Display the result in form.html
:
{{ sentiment['custom model positive'] }}
- Your custom sentiment analysis model is used in the app.
- The model's prediction is displayed in the app.
The user interface design is completely up to you. Feel free to use ChatGPT or another AI assistant to build the UI.
Here are some examples of what your app may look like:
Tip: If you want to integrate plotly charts (as shown in the Example 2 screenshot), feel free to adapt this code in your app.
- The app displays the results of the sentiment analysis prediction.
- An original UI design is used in the app.
You made it! You finished the first version of your app. Now, it's time to deploy that app so that it can be tested by your clients.
Deploy the app on Render so that it becomes part of your portfolio. Use the following settings in Render to build and start the app:
-
Build command:
pip install --upgrade pip && pip install -r requirements.txt
-
Start command:
gunicorn app:app
Render uses an older version of Python as default but this can be easily changed by setting an environment variable. Inside the Environment tab, create a new environment variable called PYTHON_VERSION
and set its value to 3.10.12
. This will ensure that Render uses Python version 3.10.12 (the same version that you used in your notebook) for your app. Refer to the screenshot below for a visual guide.

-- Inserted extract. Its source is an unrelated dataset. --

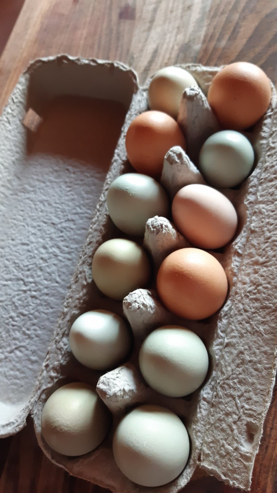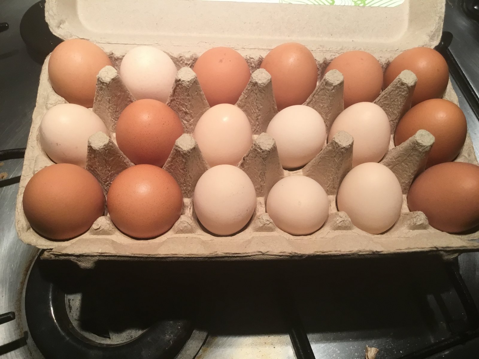 Wonderful to see he must be running a range of different chooks.  A couple of whoppers in there! We find that each of our girls produce very different eggs, even if the same breed. Some lay bigger eggs, darker or with a more course shell. You can always tell which egg belongs to which bird. They also have their own unique flavour as well. Enjoy!

Note: Render automatically spins down a free web service if it remains inactive for 15 minutes without any incoming traffic. When a request is received, Render promptly spins up the service. However, the spinning up process may take a few seconds or, in some cases, up to a couple of minutes. During this time, there might be a noticeable delay for incoming requests, resulting in brief moments of hanging or slower page loads in a browser.

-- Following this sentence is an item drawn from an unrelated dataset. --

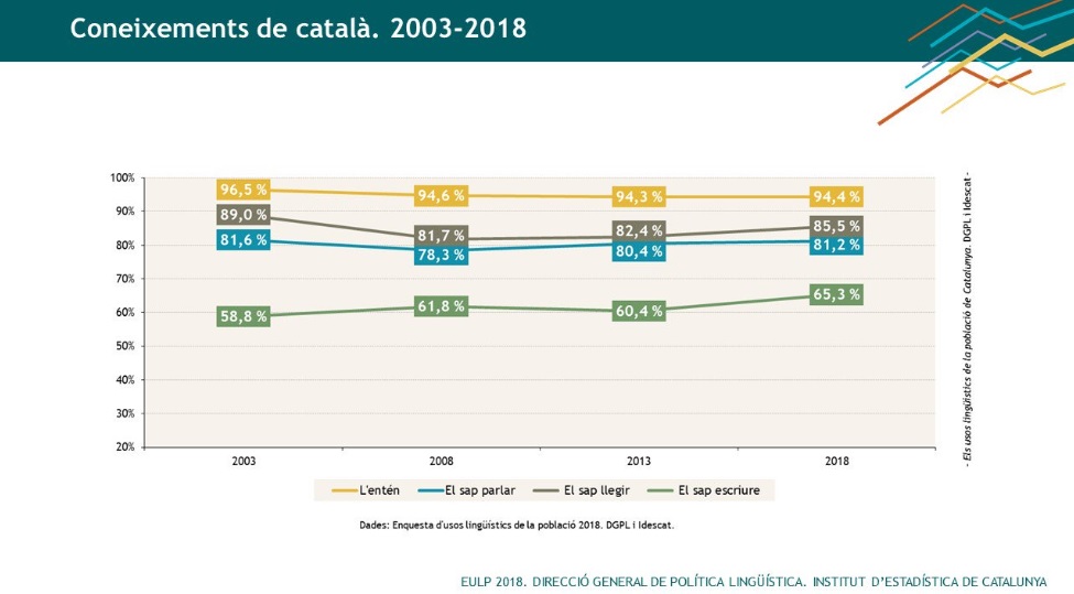 L’esperada Enquesta d’Usos Lingüístics de la Població (EULP) de Catalunya del 2018, feta púbica aquest dilluns, ha confirmat les tendències dels darrers anys. Cada cop hi ha més gent que sap parlar, llegir i escriure el català, però l’ús social continua estancat i el percentatge de persones que tenen la llengua pròpia del país com a habitual és del 36,1%, dues dècimes menys que en l’enquesta de fa cinc anys i gairebé deu punts per sota del 46% del 2003.

- The project is deployed on Render.
Functionality:
- The app displays the sentiment analysis predictions using VADER.
- The app displays the sentiment analysis predictions using a custom sentiment analysis Keras model.
- A model was trained using the UCI sentiment labelled sentences dataset and the notebook is included in the repository.
- An original user interface was created for the app.
General code organization:
- Minimal code duplication
- Comments are used to describe the functions.
- Follow the order of the user stories.
- If you are stuck, take a careful look at the provided resources. If you are still stuck, ask a friend or a mentor for help.
- Read the user stories and tests carefully.